Statuses/update can return a 187 error for non-duplicate tweets


#1

When I tweet a single unicode character (say 0x1F601) and immediately tweet another unicode character (0x1F602), the second tweet always fails with a duplicate tweet error (187).

I think something is wrong here because I also observed the following:

  1. When I repeat the above scenario but wait 10 seconds between tweets, there is no failure.
  2. When I repeat the above scenario (no wait) but instead of unicode I use two different ASCII characters, there is no failure.

#2

Twitter can use some fuzzy, multi-stage logic to determine what & when it considers content duplicative. I don’t think there’s anything unusual going on here.


#3

Seems odd that the logic only produces bad results with unicode.

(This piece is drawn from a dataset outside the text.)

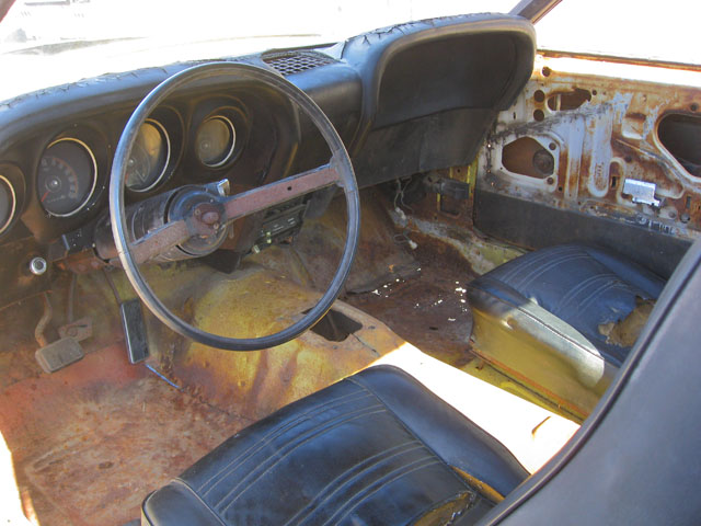 This car has its original high back bucket seats and the rear seat. The instrument panel is there, but the car will need a new dash pad, which is normal. For new upholstery, carpet and dash pad, add $900 for the parts, or $1500 installed.

These tweets are seen as duplicates:
“I am [smiley emoji] today”
“I am [frowny emoji] today”

But these are not:
“I am X today”
“I am Y today”


#4

Episod, Are you sure about the “fuzzy, multi-stage logic” explanation? The reason I ask is because I thought of another (I think possible) explanation: the emoji I am testing with are unicode surrogate pairs. Maybe the initial test for duplication only looks at the first code point? Since emoji are made up of two code points and the first code point is always the same (\xF0\x9F in UTF-8), that might explain why all emoji appear to be duplicates.